Sivas’ın Eski Sanayi bölgesinde, demirin ateşle dans ettiği bir dükkânda, Kadir Demirezen adeta bir sanat eseri gibi mesleğini icra ediyor. 50 yıldır demircilik sanatını sürdüren 65 yaşındaki Demirezen, soyadının hakkını vererek, unutulmaya yüz tutmuş bu kadim mesleği yaşatmaya devam ediyor. Dedesinden devraldığı bu mirası, ilk günkü tutkuyla sürdüren Demirezen, nacak, balta, keser gibi geleneksel ziraat aletleri üreterek hem geçimini sağlıyor hem de Türk kültürünün önemli bir parçasını geleceğe taşıyor. Yanında, yılların deneyimine sahip Ömer Faruk Kalabak ile çalışan Demirezen, çırak bulamama sorununa rağmen mesleğine olan bağlılığını hiç kaybetmemiş. Türkiye’nin dört bir yanına ürün gönderen bu ikili, demircilik sanatını adeta bir yaşam biçimi haline getirmiş.
Çırak Eksikliği ve Mesleğin Zorlukları
Demircilik, sabır, ustalık ve fiziksel dayanıklılık gerektiren bir meslek. Kadir Demirezen, demirin kızgın ateşte dövülerek şekillendirildiğini ve bu sürecin hem zahmetli hem de bir o kadar büyüleyici olduğunu vurguluyor. Ancak, mesleğin devamlılığı için en büyük engel, yeni nesillerin bu sanatı öğrenmeye ilgi göstermemesi. Demirezen, “10 yıl önce bu meslek neredeyse bitti, ama şimdi çok değerli. Türkiye’nin her yerine iş yapıyoruz. Çiftçilere genellikle tamirat hizmeti sunuyoruz, ama çırak eksikliği nedeniyle zorlanıyoruz,” diyor. 30 yıllık müşterileriyle kurduğu güçlü bağ, onu mesleğe daha da sıkı sıkıya bağlamış. “Mesleği bırakmayı hiç düşünmedim,” diyerek kararlılığını ortaya koyan Demirezen, demirciliğin sadece bir iş değil, aynı zamanda bir yaşam tarzı olduğunu ifade ediyor.

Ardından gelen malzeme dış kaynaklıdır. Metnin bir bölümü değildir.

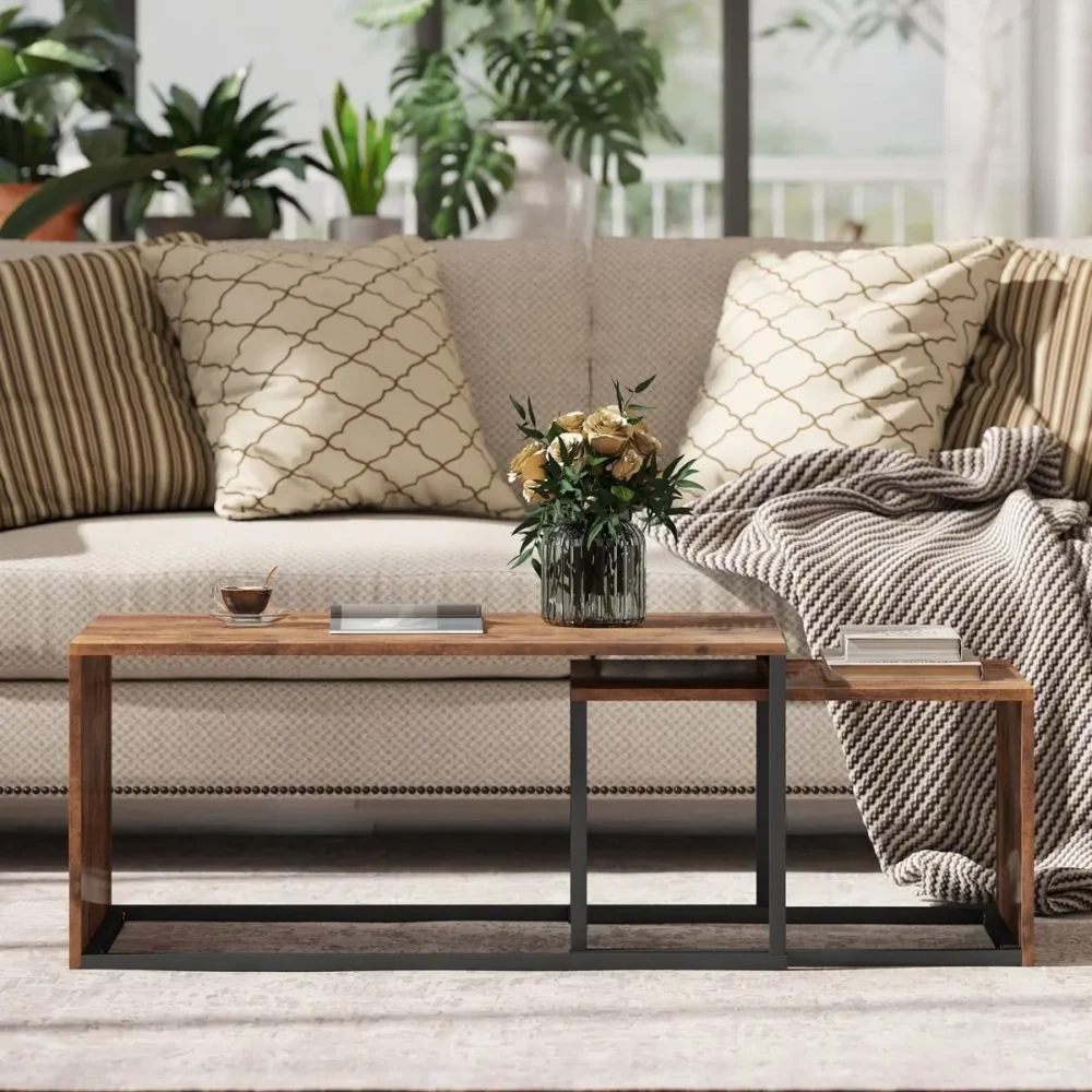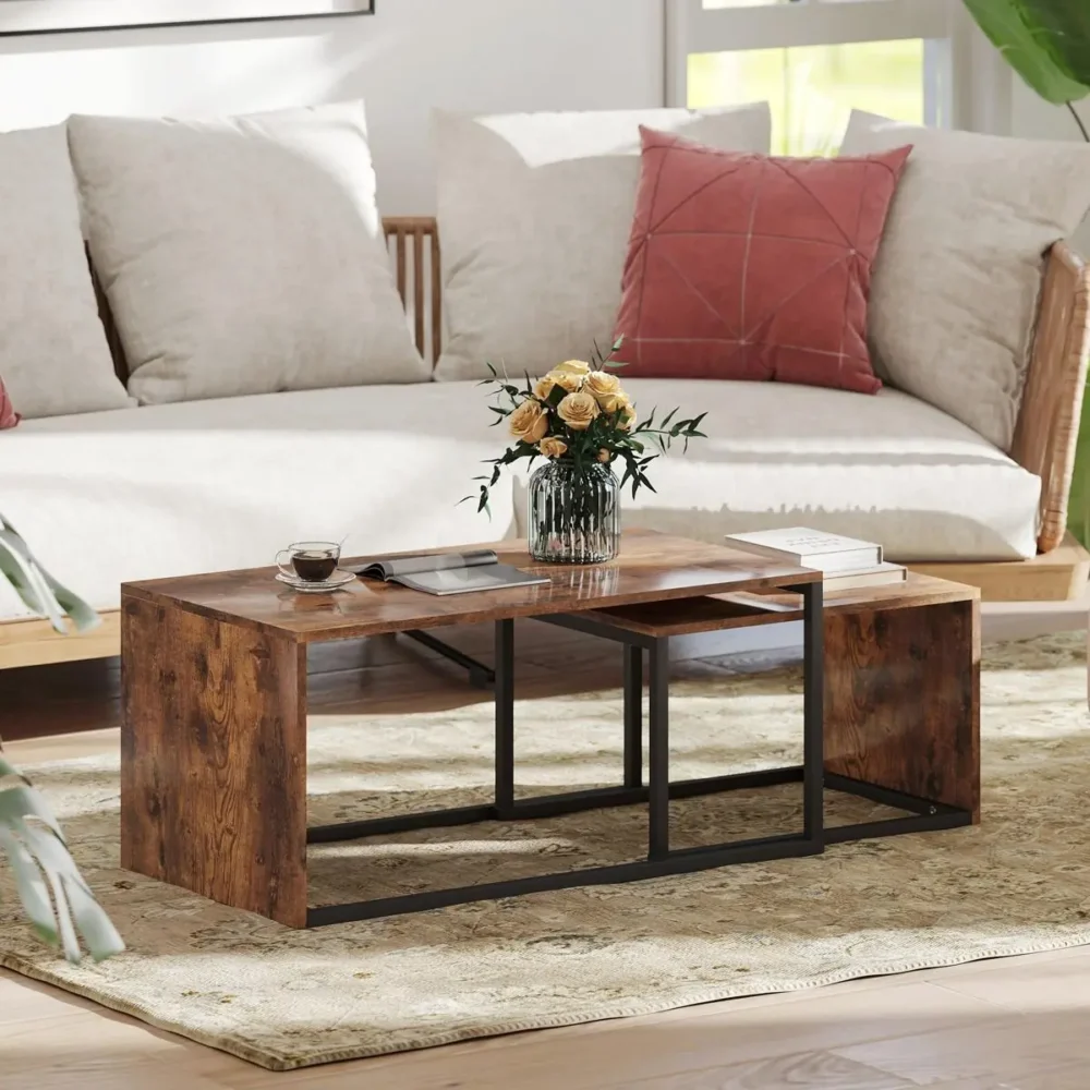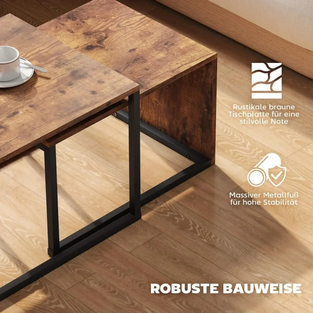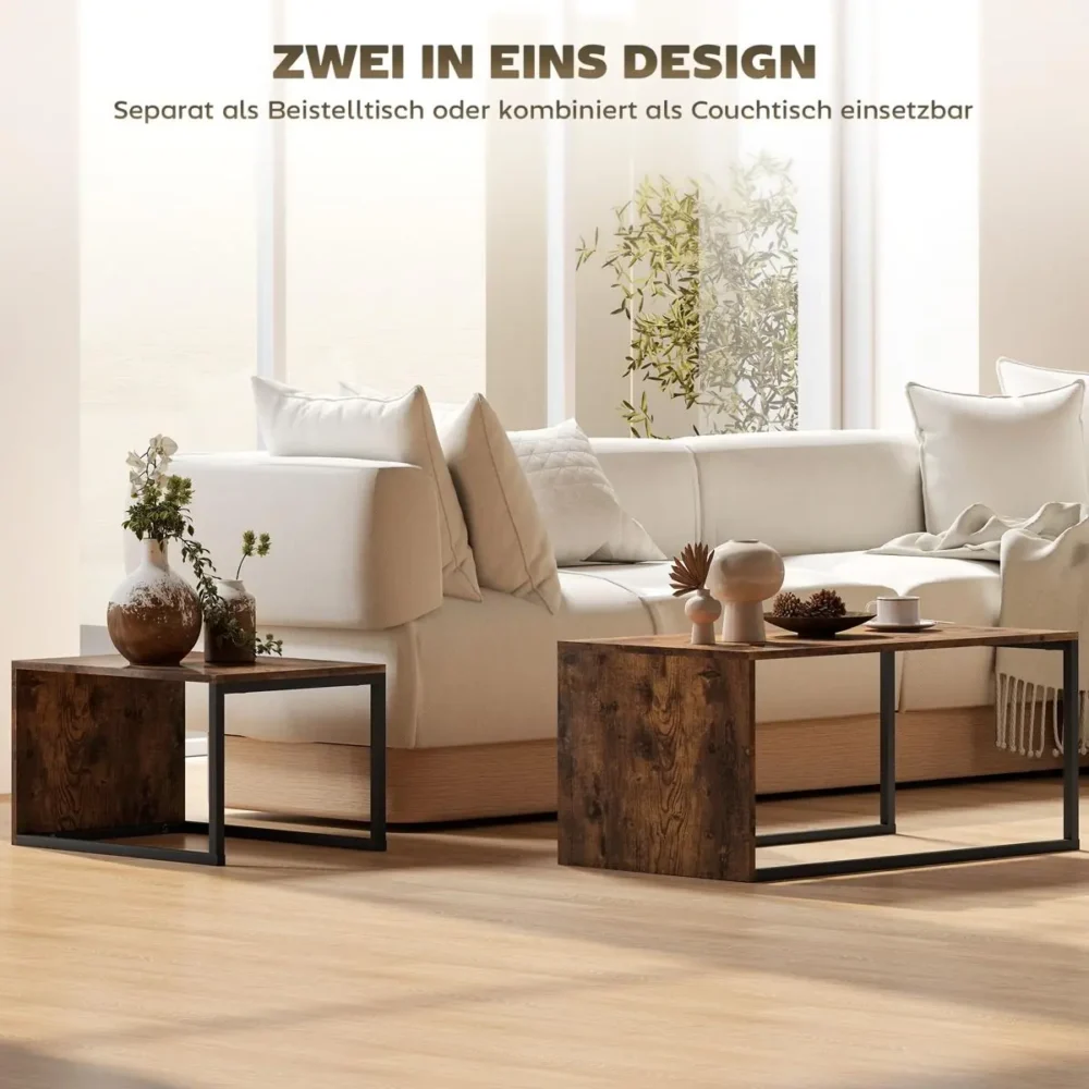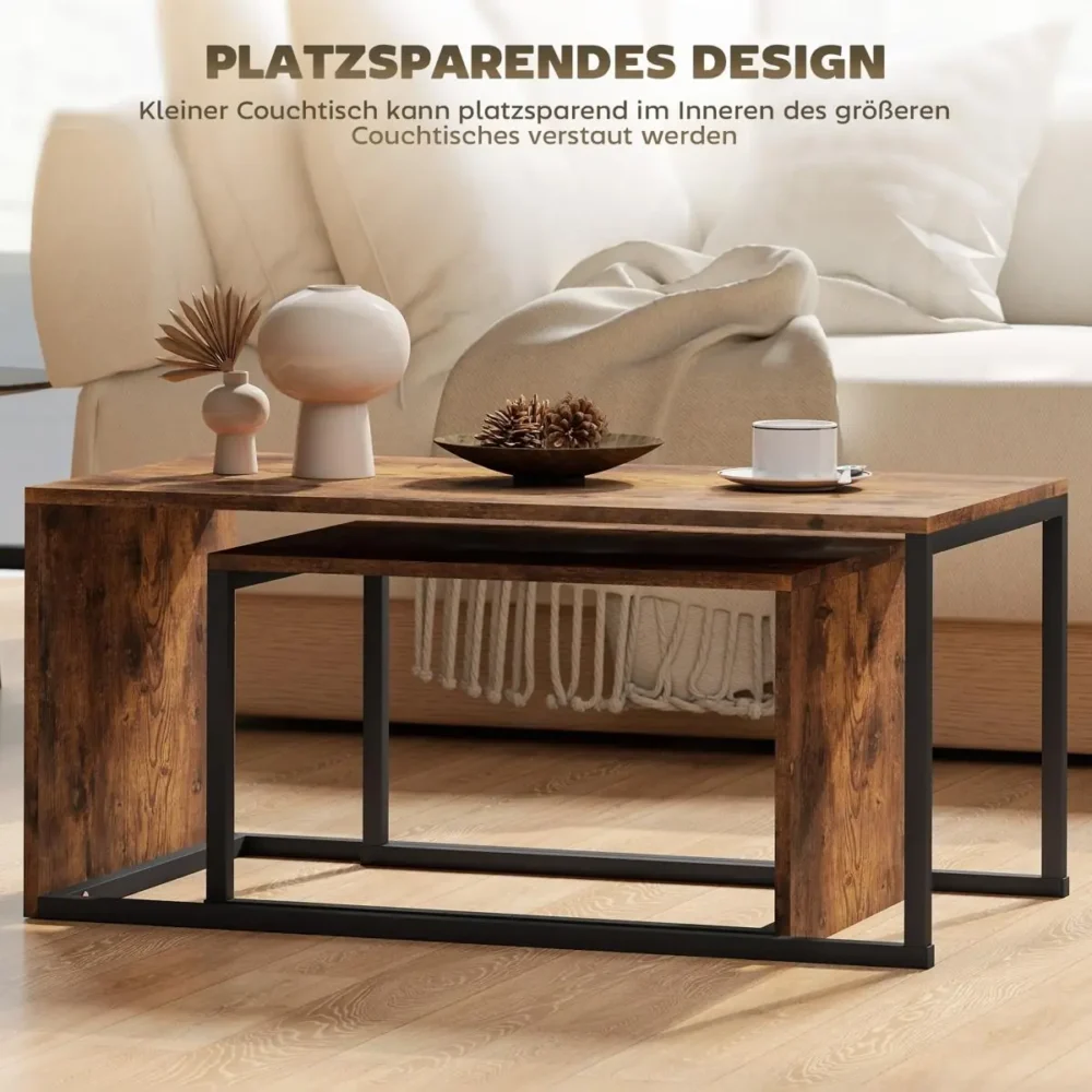 Bli först med att recensera ”Soffbord set om 2 – Satsbord i Industriell Design för Vardagsrum – Sidobord i Svart och Brunt – 90x48x42 cm & 59x42x36 cm”

Çırak bulamama sorunu, sadece Demirezen’in değil, bu mesleği sürdüren pek çok ustanın ortak derdi. Teknolojinin hızla ilerlemesi ve gençlerin daha modern mesleklere yönelmesi, demircilik gibi geleneksel sanatların geleceğini tehdit ediyor. Ancak Demirezen, bu zorluklara rağmen umudunu yitirmiyor. Ömer Faruk Kalabak ile birlikte, ellerinden geldiğince mesleği yaşatmaya çalışıyorlar. Kalabak, demirciliğin inceliklerini öğrenmek isteyen gençlere kapılarının her zaman açık olduğunu belirtiyor, ancak ilgisizlik nedeniyle bu çağrının karşılıksız kaldığını ekliyor.
Fabrikaların Üretmediği Aletler, Ustanın Ellerinde Hayat Buluyor
Ömer Faruk Kalabak, demircilik mesleğine 10 yaşında başlamış ve tam 53 yıldır bu sanatı icra ediyor. 63 yaşındaki Kalabak, demirin dövülmesinin kolay bir iş olmadığını, ancak bu mesleğin kendisine bir hayat felsefesi kazandırdığını söylüyor. “Demir dövmek kolay değil,” diyen Kalabak, özellikle ziraat aletleri yapımı ve tamiratı üzerine yoğunlaştıklarını belirtiyor. Çiftçilerin ihtiyaç duyduğu aletlerin kırılan parçalarını bulmakta zorlandığını, çünkü fabrikaların artık bu tür ürünleri üretmediğini ifade ediyor. “Kırılan parçaları bulamayanlar bize geliyor. Biz, onların ihtiyaçlarını karşılamak için buradayız,” diyerek mesleğin önemini vurguluyor.